Let $M$ be right $R$-module. For $r\in R$ we write $l.ann_M(r)=\{m\in M|mr=0\}$. Let $\mathfrak{B}=\{l.ann_M(r) | r\in R\}$.If $\mathfrak{B}$ satisfies the maximum condition with respect to the summands. We say that in M $\textit{the left annihilators of elements of}$ $R$ $\textit{satisfy the maximum condition with respect to the summands} $.
There are many common situations where this holds.
For example it holds if M satisfies the maximum condition for left annihilators of elements of $R$.
It holds also if there exists a ring $S$ such that $M$ is an $S-R$-bimodule and $l.u.dim_S M$ is finite where $l.u.dim_S M$ denotes the uniform dimension of $M$ as left $S$-module, that is the supremum of independent sets of nonzero S-submodules of $M$.
If $\operatorname{ann}_M u $ is left annihilator of $u$; my question is to understand the implication $(a) \Rightarrow (b)$
(a) There exists a right $R$-module $M$ such that in $M$ the left annihilators of elements of $R$ satisfy the maximum condition with respect to summands and l.$ann_M(r)\neq 0$ for all $r \in R\setminus U(R)$.
(b) There exists a partial order $\geq$ on $R$ satisfying the minimum condition such that for all $a,b\in R$ if $1-ab \in R \setminus U(R)$ then $a>a-aba$.

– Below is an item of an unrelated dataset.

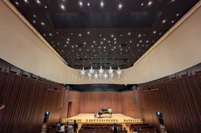 なんといっても圧巻は、真っ黒い天井に無数の小さなスポットライトが、まるで星空のようで幻想的な雰囲気を醸し出しているところですね。舞台天井には、星空から落ちてきたかの様な流星群が、今にも振りそそがんかのよう。星空のホール!ひと目で好きになってしまいました。壁の上部が黒ではなく白いところが、清潔感が溢れていてまたすごいですね

The solution is to define the relation < by for $a,b\in R$ set $a>b$ in $R$ if $l.ann_M(a)<l.ann_M(b)$ in $\mathfrak{B}$. On $R$ the relation $>$ is irreflexive and transitive, so we have a partial order $\geq$ on $R$. It satisfies the minimum condition because $\mathfrak{B}$ satisfies the maximum condition with respect to $\mathfrak{B}$-summands. Moreover if $a,b \in R$ such that $1-ab \in R \setminus U(R)$ then $l.ann_M(1-ab)\neq 0$ and $l.ann_M(1-ab)\oplus l.ann_M(a)=l.\textit{ann}_M(a-aba)$, so $a>a-aba$.
My question is therefore why if $a,b \in R$ such that $1-ab\in R \setminus U(R)$ then $\operatorname{ann}_M(1-ab)\neq 0$ and $\operatorname{ann}_M(1-ab) \oplus \operatorname{ann}_M (a)=\operatorname{ann}_M(a-aba)$. One of the inclusion is easy, the other is not. Are there any supplementary hypothesis to satisfy this implication.